Department of Applied Mathematics and Computer Science, DTU, Lyngby, Denmark

This presentation will briefly present the some of the results and methods obtained within the DSF (Danish Council for Strategic Research) Center for IT-Intelligent Energy Systems in cities (CITIES). Using big data analytics and methods for stochastic optimization - including stochastic control - the scientific objective of CITIES is to develop methodologies and ICT solutions for the analysis, operation and development of fully integrated urban energy systems. A holistic research approach will aim at providing solutions at all levels between the households and the global energy system at all essential temporal and spatial scales. The societal objective is to harvest the power of big data analytics to identify and establish realistic pathways to ultimately achieving independence of fossil fuels by harnessing the latent flexibility of the energy system through big data analytics, IT-intelligence, integration and planning.

13.30-14.30: Statistical Theory (I9)

Organizer: Nils Lid Hjort

Department of Mathematical Sciences, Norwegian University of Science and Technology, Trondheim

The point of departure of the talk is an algorithm for sampling from conditional distributions given a sufficient statistic. In certain cases this can be done by a simple parameter adjustment of the original statistical model [1], but in general one needs to use a weighted sampling scheme [2]. The trick is to introduce a distribution on the parameter space, where the use of improper distributions is seen to have some advantages. As will be demonstrated, the approach is closely related to the problem of sampling from posterior distributions, and is also connected to fiducial inference [4, 5]. Particular emphasis will be given to the role of improper distributions, where a theoretical framework that includes improper laws will be briefly reviewed [3, 6].

This is joint work with Gunnar Taraldsen.

References
[1] Engen, S., & Lillegård, M. (1997). Stochastic simulations conditioned on sufficient statistics. Biometrika, 84(1), 235-240.
[2] Lindqvist, B. H., & Taraldsen, G. (2005). Monte Carlo conditioning on a sufficient statistic. Biometrika, 92(2), 451-464.
[3] Taraldsen, G., & Lindqvist, B. H. (2010). Improper priors are not improper. The American Statistician, 64(2), 154-158.
[4] Taraldsen, G., & Lindqvist, B. H. (2013). Fiducial theory and optimal inference. The Annals of Statistics, 41(1), 323-341.
[5] Taraldsen, G., & Lindqvist, B. H. (2015). Fiducial and posterior sampling.

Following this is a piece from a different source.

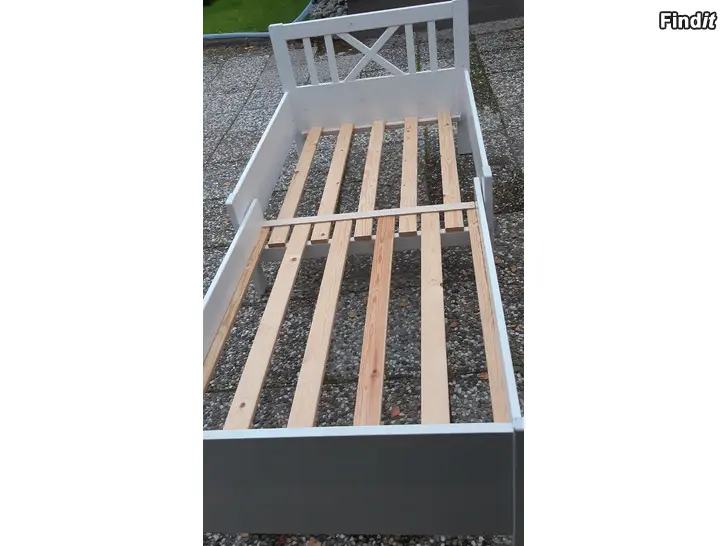 Utdragbar barnsäng. Minimilängd 110 cm, maksimilängd 180-190 cm. Bredd 80 cm. Spår av användning finns. Hämtas från Jakobstad. Kontant betalning.

Communications in Statistics - Theory and Methods, 44(17), 3754-3767.
[6] Taraldsen, G., & Lindqvist, B. H. (2016). Conditional probability and improper priors. Communications in Statistics - Theory and Methods, (to appear).

Department of Mathematics, University of Oslo, Norway

I introduce a method for melding together the classic parametric likelihood with the nonparametric empirical likelihood, and work out theory for such schemes. The method is really a class of methods, as the statistician would need to choose both which extra parameters to include in the construction and a certain balance parameter that weighs parametrics against nonparametrics. I will show how the methodology of focused information criteria may be used to aid in these choices.

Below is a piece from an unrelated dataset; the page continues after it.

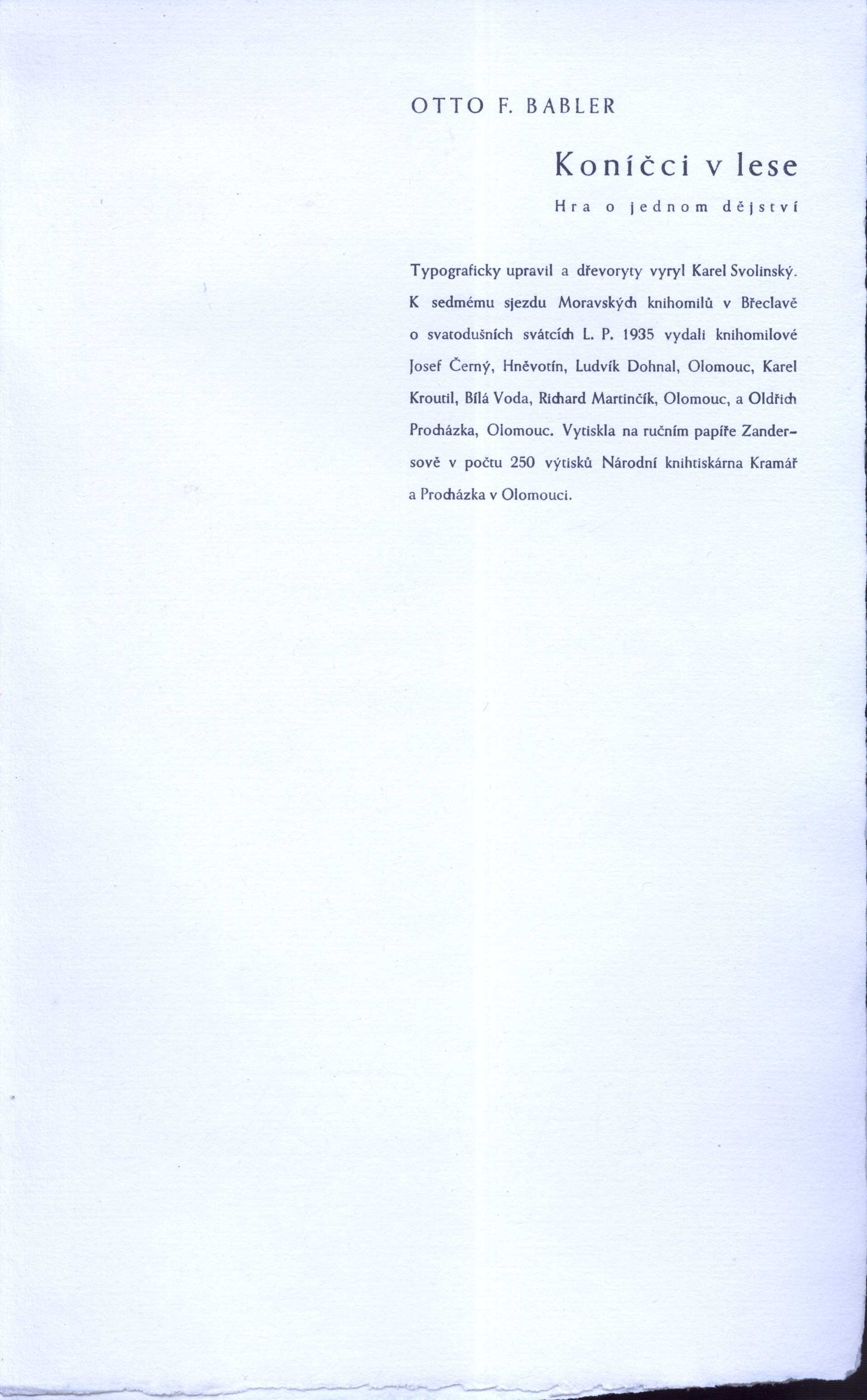 Názvové údaje Portrét / Alain Fournier ; [z francouzštiny přeložil L. Vrla ; upravil a pěti kresbami i obálkou vyzdobil Karel Svolinský] Autor Alain-Fournier, 1886-1914 (Autor) Další autoři Vrla, Leopold, 1909-1991 (Překladatel) Svolinský, Karel, 1896-1986 (Knižní grafik) (Ilustrátor) (Autor obálky) Filip, Josef (Nakladatel, vydavatel) (Tiskař) Nakladatel V Třebíči : Josef Filip, 1946 Rozsah 50 s. : il. Klíčová slova francouzská literatura * francouzská próza * moderní literatura * moderní próza Počet ex. 1, z toho volných 1 Druh dok. monografie Signatura KaG LXIII 176 Názvové údaje Portugalské listy / Marianna Alcoforado ; [přeložil Hanuš Jelínek ; typografickou úpravu, kresby, návrh vazby a ediční značku provedl Karel Svolinský] Osobní jméno Alcoforado, Mariana, 1640-1723 (Autor) Další autoři Jelínek, Hanuš, 1878-1944 (Překladatel) Svolinský, Karel, 1896-1986 (Typograf) (Ilustrátor) (Výtvarník vazby) Korp. Symposion (nakladatelství) (Nakladatel, vydavatel) Müller a spol. (tiskárna) (Tiskař) Nakladatel Praha : Symposion, 1949 Výrobce Müller a spol.) Rozsah 78 s. : il. Klíčová slova portugalská literatura * milostná literatura * milostné dopisy * křesťanští řeholníci * stol. 17. Počet ex. 1, z toho volných 1 Druh dok. monografie Signatura RSzpuk 0443 Názvové údaje Portugalské listy / Marianna Alcoforado ; z francouzštiny přeložil Hanuš Jelínek ; typografickou úpravu, kresby, návrh vazby a ediční značku provedl Karel Svolinský Osobní jméno Alcoforado, Mariana, 1640-1723 (Autor) Další autoři Jelínek, Hanuš, 1878-1944 (Překladatel) Svolinský, Karel, 1896-1986 (Typograf) (Ilustrátor) Korp. Symposion (nakladatelství) (Nakladatel, vydavatel) Müller a spol. (tiskárna) (Tiskař) Nakladatel Praha : Symposion, 1948 Výrobce V Turnově : Müller a spol. Rozsah 78 stran Klíčová slova portugalská literatura * francouzsky psaná literatura * korespondence Počet ex. 4, z toho volných 4 Druh dok. monografie Signatura P 77 f 88, Janeček 156, P 46 f 107, P 85 e 60 Názvové údaje Poslední kresba Josefa Mánesa : psáno a po prvé tištěno 1888 / Jakub Arbes ; tekst přehlédl Bedřich Beneš Buchlovan ; upravil a vyzdobil Karel Svolinský Osobní jméno Arbes, Jakub, 1840-1914 (Autor) Další autoři Beneš Buchlovan, Bedřich, 1885-1953 (Editor) Svolinský, Karel, 1896-1986 (Ilustrátor) Šmidt, Vilém, 1951- (Nakladatel, vydavatel) Nakladatel V Praze : Vilém Šmidt, 1940 Rozsah 43 stran Osobní hesla Mánes, Josef, 1820-1871 - malíř a ilustrátor Klíčová slova čeští malíři * české malířství * stol. 19. Počet ex. 3, z toho volných 3 Druh dok. monografie Signatura M 147 d 26, P 86 c 11, P 134 f 46 Názvové údaje Štědrý den bratří Mánesů / J. Arbes ; kresby a úprava Karel Svolinský Osobní jméno Arbes, Jakub, 1840-1914 (Autor) Další autoři Svolinský, Karel, 1896-1986 (Ilustrátor) (Grafický technik) Korp. Vilém Šmidt (nakladatelství) (Nakladatel, vydavatel) Karel Kryl (firma: Kroměříž, Česko) (Tiskař) Nakladatel Praha : Vilém Šmidt, 1940 Výrobce V Kroměříži : Karel Kryl Rozsah 35 stran : ilustrace Klíčová slova česká literatura * vánoční povídka * bratři Mánesové Počet ex. 4, z toho volných 4 Druh dok. monografie Signatura C12a 1437, KNYTL 481, P 54 E 106, P 74 F 110 Názvové údaje O Boží obci knih 22 = De civitate Dei libri 22. Sv. 1 / přeložila Julie Nováková ; obálka od Karla Svolinského ; vigneta v titulu od V. H. Brunnera Autor Augustin, svatý, 354-430 (Autor úvodu atd.) Další autoři Nováková, Julie, 1909-1991 (Překladatel) Svolinský, Karel, 1896-1986 (Grafický technik) Brunner, Vratislav Hugo, 1886-1928 (Ilustrátor) Nakladatel Praha : Vyšehrad, 1950 Rozsah 693 s. ; 20 cm Klíčová slova křesťanská filozofie * křesťanství * mimokřesťanská náboženství * starověký Řím * traktáty Počet ex. 1, z toho volných 1 Druh dok. monografie Signatura Holan 519 Názvové údaje O Boží obci knih 22 = De civitate Dei libri 22. Sv. 2 / přeložila Julie Nováková ; obálka od Karla Svolinského ; vigneta v titulu od V. H. Brunnera Autor Augustin, svatý, 354-430 (Autor úvodu atd.) Další autoři Nováková, Julie, 1909-1991 (Překladatel) Svolinský, Karel, 1896-1986 (Grafický technik) Brunner, Vratislav Hugo, 1886-1928 (Ilustrátor) Nakladatel Praha : Vyšehrad, 1950 Rozsah 736 s. ; 20 cm Klíčová slova křesťanská filozofie * křesťanství * mimokřesťanská náboženství * starověký Řím * traktáty Počet ex. 1, z toho volných 1 Druh dok. monografie Signatura Holan 514 Názvové údaje Koníčci v lese : hra o jednom dějství / Otto F. Babler ; typograficky upravil a dřevoryty vyryl Karel Svolinský Osobní jméno Babler, Otto František, 1901-1984 (Autor) (Dedikátor) Další autoři Svolinský, Karel, 1896-1986 (Typograf) (Ilustrátor) Korp. Kramář a Procházka (tiskárna) (Tiskař) Nakladatel V Olomouci : vydali knihomilové, 1935 Výrobce Národní knihtiskárna Kramář a Procházka Rozsah 6 nečíslovaných stran, 2 nečíslované listy obrazových příloh Klíčová slova česká dramata * divadelní hry * stol. 20., léta 30. * bibliofilie * bibliofilský tisk Počet ex. 6, z toho volných 6 Druh dok. monografie Signatura C12d 1773, C12d 71, ZA 2 a 46, Sáňka 1494, Sáňka 1495, P 99 a 3 Názvové údaje Nekrolog na světoznámého varhaníka, urozeného pana Jana Šebestiana Bacha, královského polského a kurfiřtského saského dvorního skladatele a ředitele kůru v Lipsku / Fil. Em. Bach a Jan B. Agricola ; přeložil František Bartoš ; závěrečnou báseň E. A. Saudek ; v úpravě Karla Svolinského ; portret J. Šeb. Bacha podle obrazu G. Haussmanna vyryl L. Sichling Osobní jméno Bach, Carl Philipp Emanuel, 1714-1788 (Autor) Další autoři Agricola, Johann Friedrich, 1720-1774 Bartoš, František, 1905-1973 (Překladatel) Saudek, Erik Adolf, 1904-1

13.30-14.30: Functional Data Analysis (I2)

Organizer: Sara Sjöstedt de Luna

Department of Psychology, McGill University, Montreal, Canada

Discrete observations of curves are often smoothed by attaching a penalty to the error sum of squares, and the most popular penalty is the integrated squared second derivative of the function that fits the data. But it has been known since the earliest days of smoothing splines that, if the linear differential operator \(D^2\) is replaced by a more general differential operator \(L\) that annihilates most of the variation in the observed curves, then the resulting smooth has less bias and greatly reduced mean squared error.

This talk will show how we can use the data to estimate such a linear differential operator for a system of one or more variables. The differential equations estimated in this way represents the dynamics of the processes being estimated. This idea can be used to estimate a forcing function that defines the output of a linear system, and apply this to handwriting data to show that both the static and dynamic aspects of handwriting are well represented by a surprisingly simple second order differential equation.

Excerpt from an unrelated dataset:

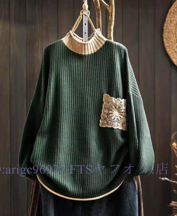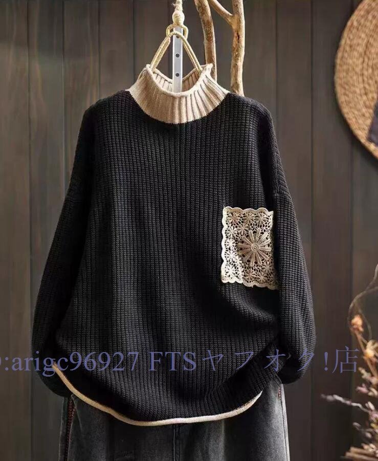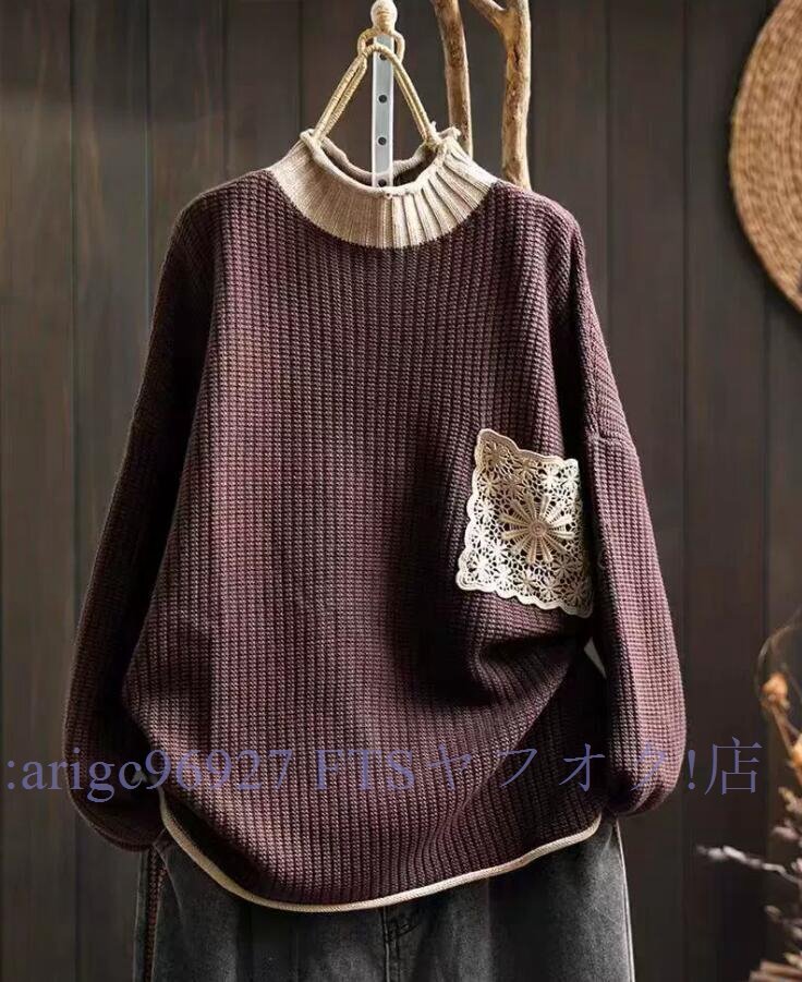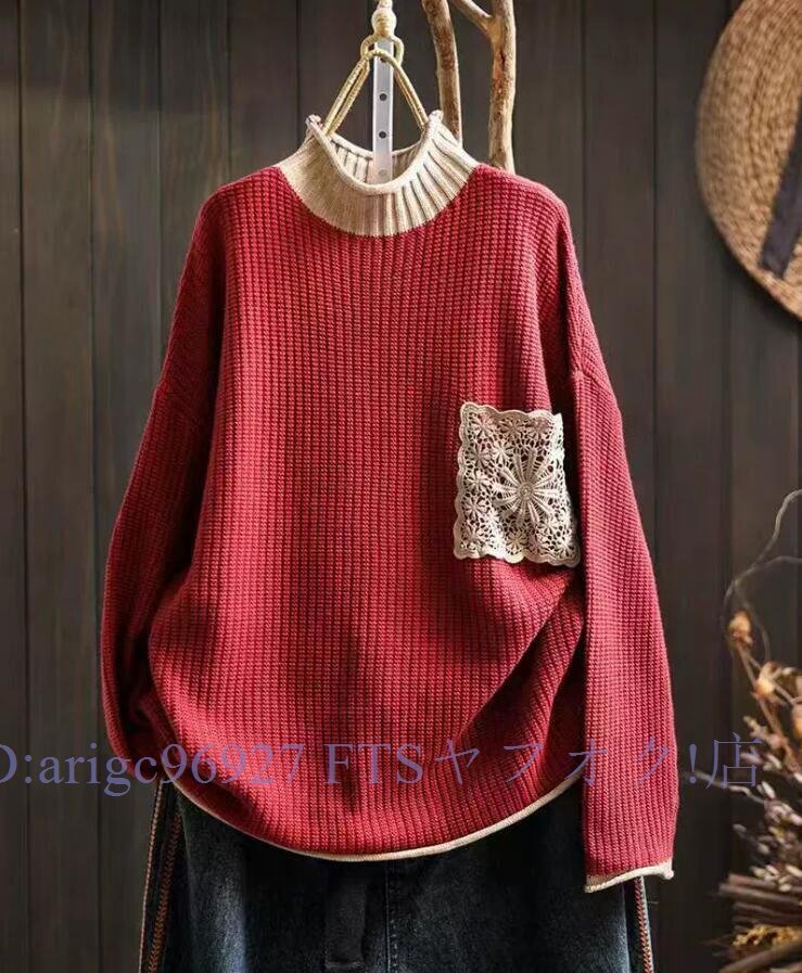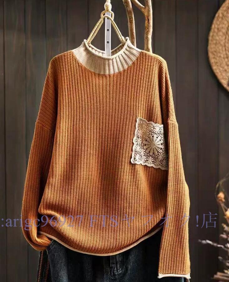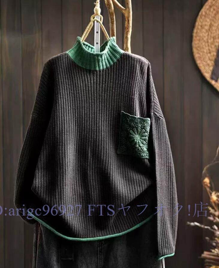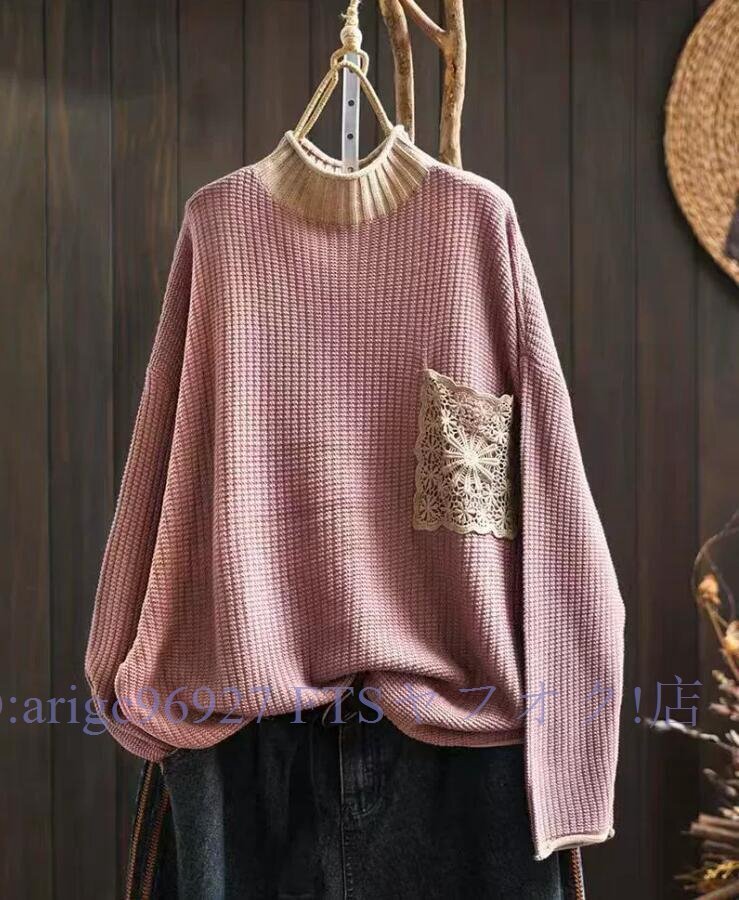 B3036☆新品品 ニット セーター チュニック フリーサイズ 綿100% 通勤着 普段着 ハーフネックお色選択可

MOX, Department of Mathematics, Politecnico di Milano, Italy

Object Oriented Spatial Statistics (O2S2) adresses a variety of application-oriented statistical challenges where the atoms of the analysis are complex data points spatially distributed. The object oriented viewpoint consists in considering as building block of the analysis the whole data point, whether it is a curve, a distribution or a positive definite matrix, regardless of its complexity. When data are observed over a spatial domain, an extra layer of complexity derives from the size, the shape or the texture of the domain, posing a challenge related to the impossibility, both theoretical and practical, of employing approaches based on global models for capturing spatial dependence. A powerful non-parametric line of action is obtained by splitting the analysis along an arrangement of neighborhoods generated by a random decomposition of the spatial domain. The local analyses produce auxiliary new data points which are then aggregated to generate the global final result. I will illustrate these ideas with a few examples where the target analysis is dimensional reduction, classification or prediction.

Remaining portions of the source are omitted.